Your profile was hilarious. I don't mean that as an insult, but bravo. I was dying.
actually scheduled sleeping with her for thursday, (today) but this morning she had an episode of breaking down and crying in the middle of the street (luckily it was a spot where there's little traffic and also a spot where cars could have easily swerved around her) and our sex was rescheduled for tomorrow
If I recall correctly.
thank you
But I'm sure you have enough experience to know that if this woman is so psychologically unstable to make sure this is for pure sexual gratification with no attachment liabilities.
The key is for both people to have things in their lives that they can value more or at least equally as the relationship. For example, an academic career or a hobby, or family responsibilities. If all those things become secondary to the relationship, that's a problem.
How old are you?
28
It's a serious question.
I'm beginning to hate that every relationship that I end up in becomes serious almost right away...when the one time I had a possible girl who just wanted things casual I just couldn't do it and threw away someone who I've been more compatible intellectually, sexually, emotionally, etc. with than anyone else ever...
The fuck is my goddamn problem?
I'm happy with my current relationship no doubt, really do care for her and all, but I just feel like I'm always in this rush to find myself tied down to something and that is starting to put a strain on me.
Life is short, man. If things don't work out after three months, it's for the best to break things off and move on.
And you'll be off to Seattle in August for grad school, nay? Don't think you'd have had a future with her in any case. My experience exactly.
Don't think of it as irrational. A biological impulse to reproduce. If we didn't have that, what meaning would we have besides posterity?
But yes, calculation is everything. I'd loved to have been with my girlfriend till I will have had to go West in August but when that day of separation is fixed the rest of the relationship is moribund, and defeats the whole purpose of meaningful dating.
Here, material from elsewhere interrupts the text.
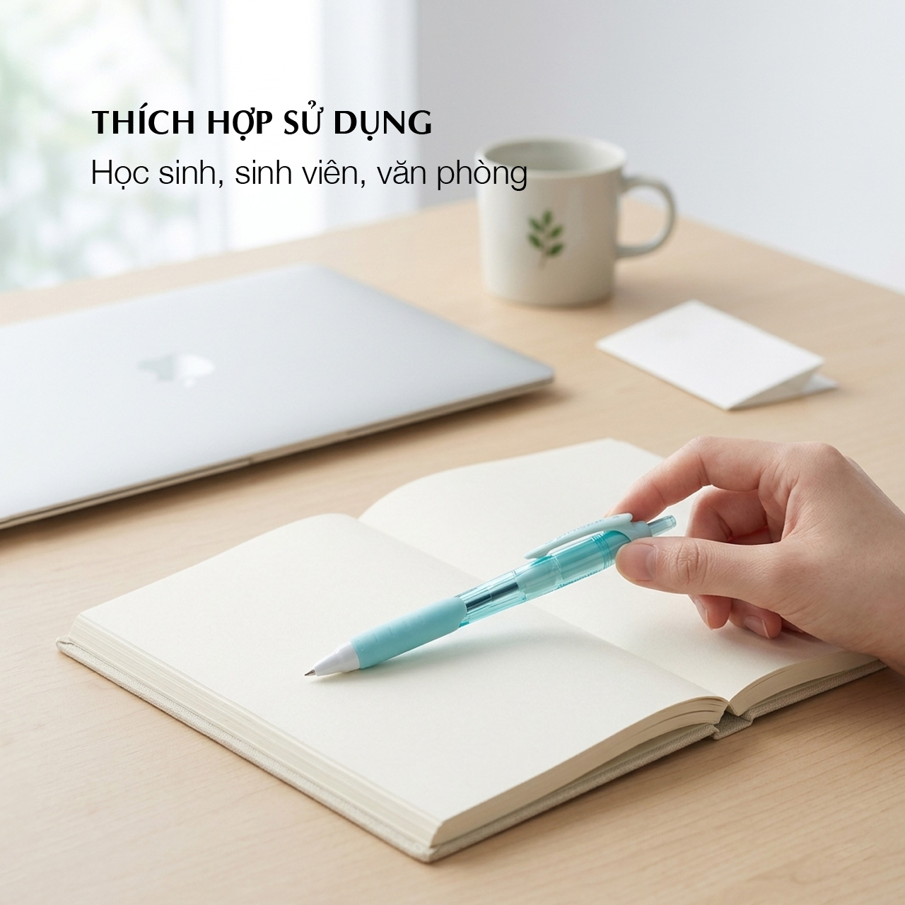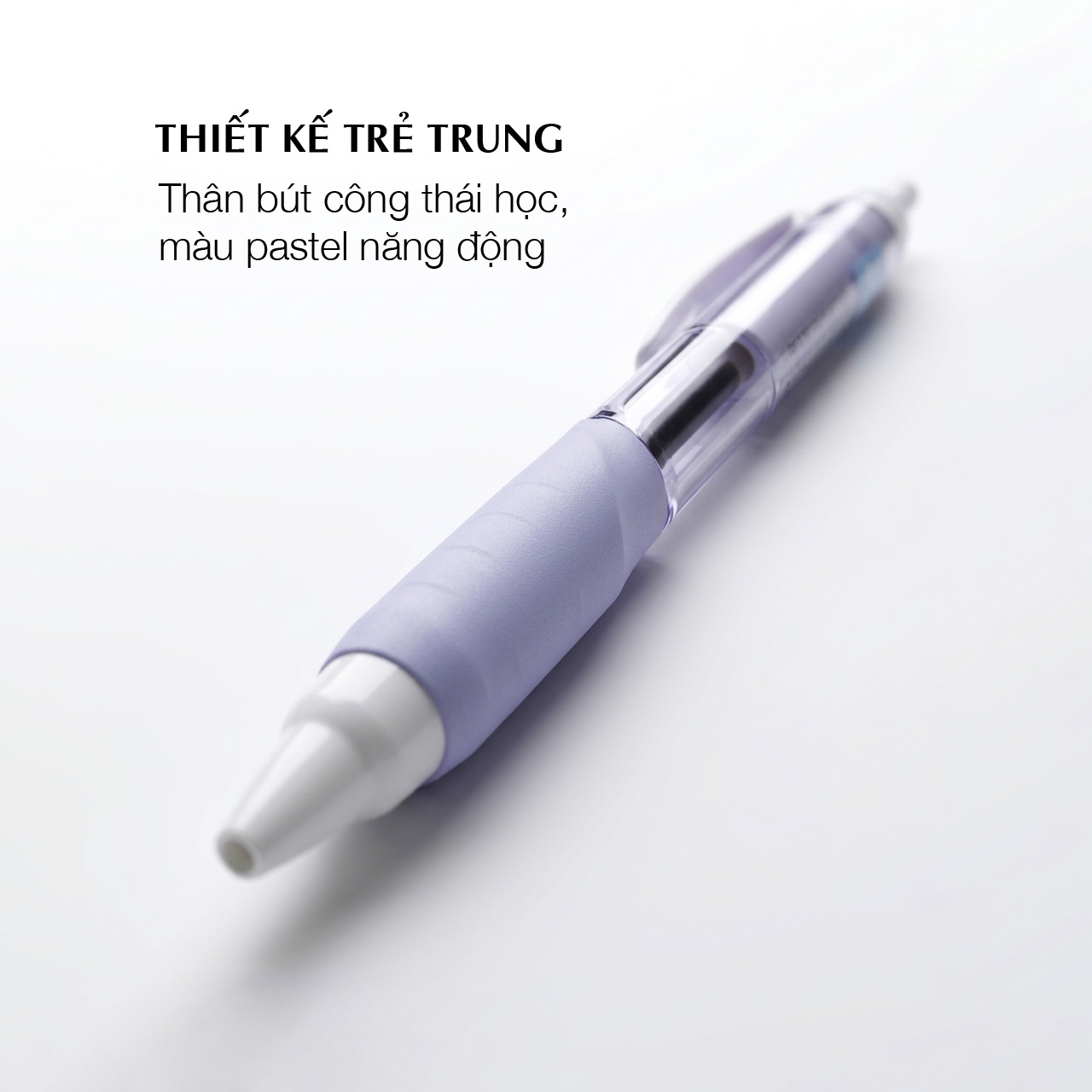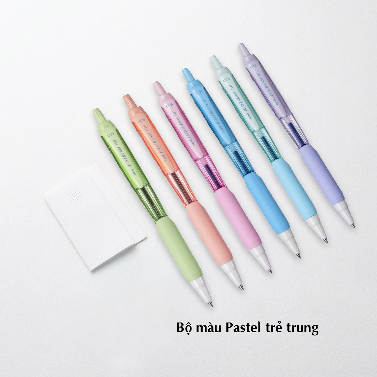 - Màu vỏ bút có 6 màu pastel: xanh lá, tím, hồng, cam, xanh dương, xanh nước biển.

Such is the life of us itinerant academics, nay?
Hmmm, I think I agree with that. But sometimes the more rational thing is to think beyond that. That is something I have trouble with; it's just not in my nature at all. I'm very reckless when it comes to romantic stuff.
The fact that I'm moving has definitely had a big impact on things between us. I wouldn't say our time together has been meaningless, though. I mean, we have these fucking amazing nights together. That at least has some intrinsic value for me.
That's something that's been worrying me a lot. After I'm done with my Ph.D. there's no telling where I'll have to go, so any relationship I start in Seattle is probably going to have some level of insecurity to it due to that fact. I hate thinking about what I'm sacrificing by taking this path. But I ultimately don't want to do anything else, sooo...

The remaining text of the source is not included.